It has been ascribed to a number of writers of satire, such as William S. Gilbert ("I hate my fellow-man"), but such identifications must be closely scrutinized, as a critical or darkly humorous outlook toward mankind may be mistaken for genuine misanthropy. Jonathan Swift is widely accused of misanthropy (see A Tale of a Tub and, most especially, Book IV of Gulliver's Travels).
Another example of mistaken misanthropy is Jean-Paul Sartre's quote "Hell is other people." On the face of it, this looks deeply misanthropic, but actually Sartre was making an observation about the tendency of human beings to lack self-knowledge. We tend to project our worst fears, and our most deeply disliked personal characteristics, onto other people, rather than look inside and face them within ourselves. Thus, when we look at other people we often see the worst of what is in our own personality.

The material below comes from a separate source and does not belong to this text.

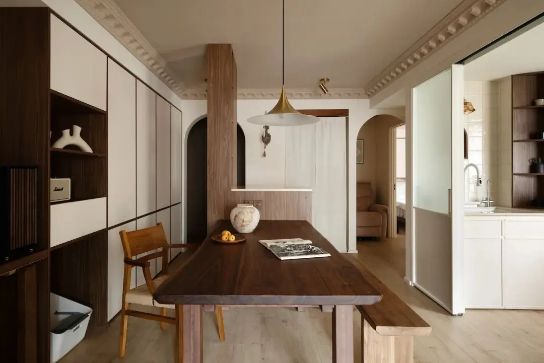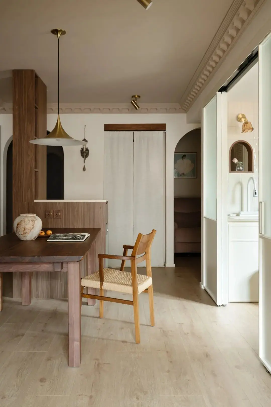 改造后的家,以柔和光线、弧形线条融合藤编、原木、黄铜及布艺等元素,营造出温馨、精致且浪漫宁静的居家氛围。

It is important to distinguish between pessimism and misanthropy. Immanuel Kant said that "Of the crooked timber of humanity, no straight thing can ever be made," and yet this was not an expression of the uselessness of mankind itself. Similarly, Samuel Beckett once remarked that "Hell must be like... reminiscing about the good old days when we wished we were dead" — a statement that may, perhaps, be seen as utterly bleak and hopeless, but not as anti-human or expressive of any hatred of mankind.
The German philosopher Arthur Schopenhauer, on the other hand, was almost certainly as famously misanthropic as his reputation. He wrote that "human existence must be a kind of error."
Some have proposed elevating misanthropy to a protoscience of misanthropology.